- [What you are asked to do]
Using the listing below, please print exactly the lines from the one with "會(huì)談后,孫寶國校長" through the one with "The results of splashed". Leave out every picture.

- [Raw data]
--------

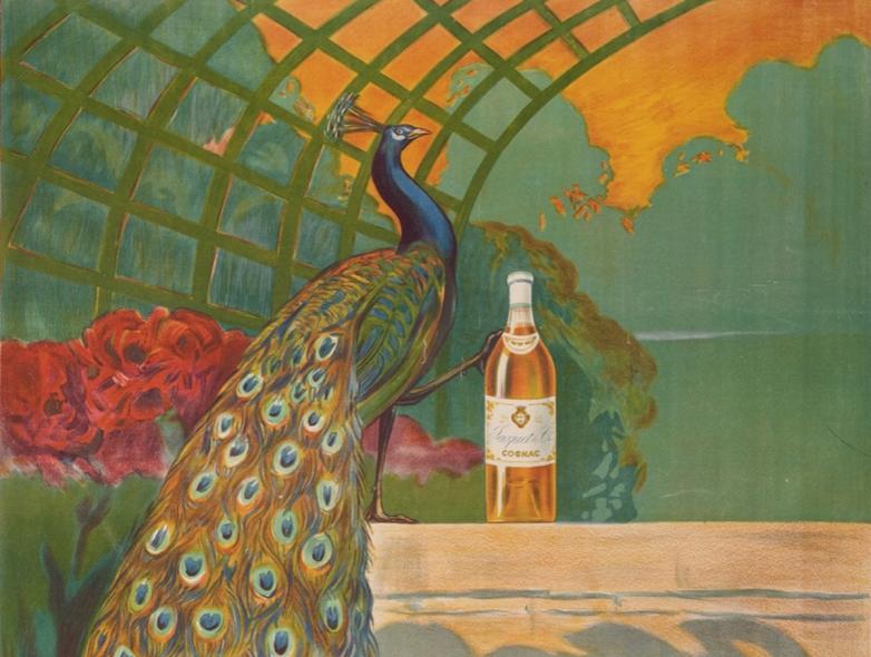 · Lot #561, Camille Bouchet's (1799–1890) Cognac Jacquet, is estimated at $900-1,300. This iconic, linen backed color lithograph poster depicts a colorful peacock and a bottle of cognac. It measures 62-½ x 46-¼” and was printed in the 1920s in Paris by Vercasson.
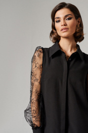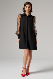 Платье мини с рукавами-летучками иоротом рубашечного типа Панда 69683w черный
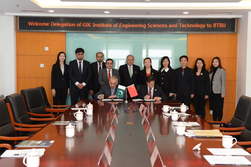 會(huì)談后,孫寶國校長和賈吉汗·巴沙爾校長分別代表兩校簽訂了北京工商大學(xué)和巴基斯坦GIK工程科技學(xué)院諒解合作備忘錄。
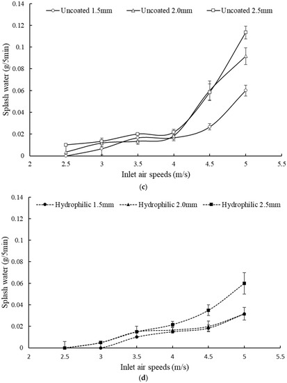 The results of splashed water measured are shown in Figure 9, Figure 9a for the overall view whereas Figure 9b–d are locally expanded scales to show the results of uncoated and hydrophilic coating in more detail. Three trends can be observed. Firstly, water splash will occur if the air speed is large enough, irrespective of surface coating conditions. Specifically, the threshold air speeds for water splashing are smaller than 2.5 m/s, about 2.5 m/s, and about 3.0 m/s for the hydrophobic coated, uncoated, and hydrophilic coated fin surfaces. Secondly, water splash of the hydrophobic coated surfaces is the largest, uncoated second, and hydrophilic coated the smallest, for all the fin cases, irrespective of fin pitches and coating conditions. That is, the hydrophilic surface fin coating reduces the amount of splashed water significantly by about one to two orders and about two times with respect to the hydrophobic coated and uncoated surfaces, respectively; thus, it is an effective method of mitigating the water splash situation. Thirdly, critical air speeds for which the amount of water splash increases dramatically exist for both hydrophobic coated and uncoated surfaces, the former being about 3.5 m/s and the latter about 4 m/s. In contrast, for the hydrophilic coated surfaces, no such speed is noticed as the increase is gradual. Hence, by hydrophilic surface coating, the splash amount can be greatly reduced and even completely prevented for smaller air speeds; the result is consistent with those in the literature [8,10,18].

--------

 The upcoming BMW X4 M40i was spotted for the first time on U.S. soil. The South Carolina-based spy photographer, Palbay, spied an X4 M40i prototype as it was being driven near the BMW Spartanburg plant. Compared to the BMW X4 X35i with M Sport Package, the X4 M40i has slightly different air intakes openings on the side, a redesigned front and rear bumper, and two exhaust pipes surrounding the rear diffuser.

--------

- [Solution to the exercise]
 會(huì)談后,孫寶國校長和賈吉汗·巴沙爾校長分別代表兩校簽訂了北京工商大學(xué)和巴基斯坦GIK工程科技學(xué)院諒解合作備忘錄。
 The results of splashed water measured are shown in Figure 9, Figure 9a for the overall view whereas Figure 9b–d are locally expanded scales to show the results of uncoated and hydrophilic coating in more detail. Three trends can be observed. Firstly, water splash will occur if the air speed is large enough, irrespective of surface coating conditions. Specifically, the threshold air speeds for water splashing are smaller than 2.5 m/s, about 2.5 m/s, and about 3.0 m/s for the hydrophobic coated, uncoated, and hydrophilic coated fin surfaces. Secondly, water splash of the hydrophobic coated surfaces is the largest, uncoated second, and hydrophilic coated the smallest, for all the fin cases, irrespective of fin pitches and coating conditions. That is, the hydrophilic surface fin coating reduces the amount of splashed water significantly by about one to two orders and about two times with respect to the hydrophobic coated and uncoated surfaces, respectively; thus, it is an effective method of mitigating the water splash situation. Thirdly, critical air speeds for which the amount of water splash increases dramatically exist for both hydrophobic coated and uncoated surfaces, the former being about 3.5 m/s and the latter about 4 m/s. In contrast, for the hydrophilic coated surfaces, no such speed is noticed as the increase is gradual. Hence, by hydrophilic surface coating, the splash amount can be greatly reduced and even completely prevented for smaller air speeds; the result is consistent with those in the literature [8,10,18].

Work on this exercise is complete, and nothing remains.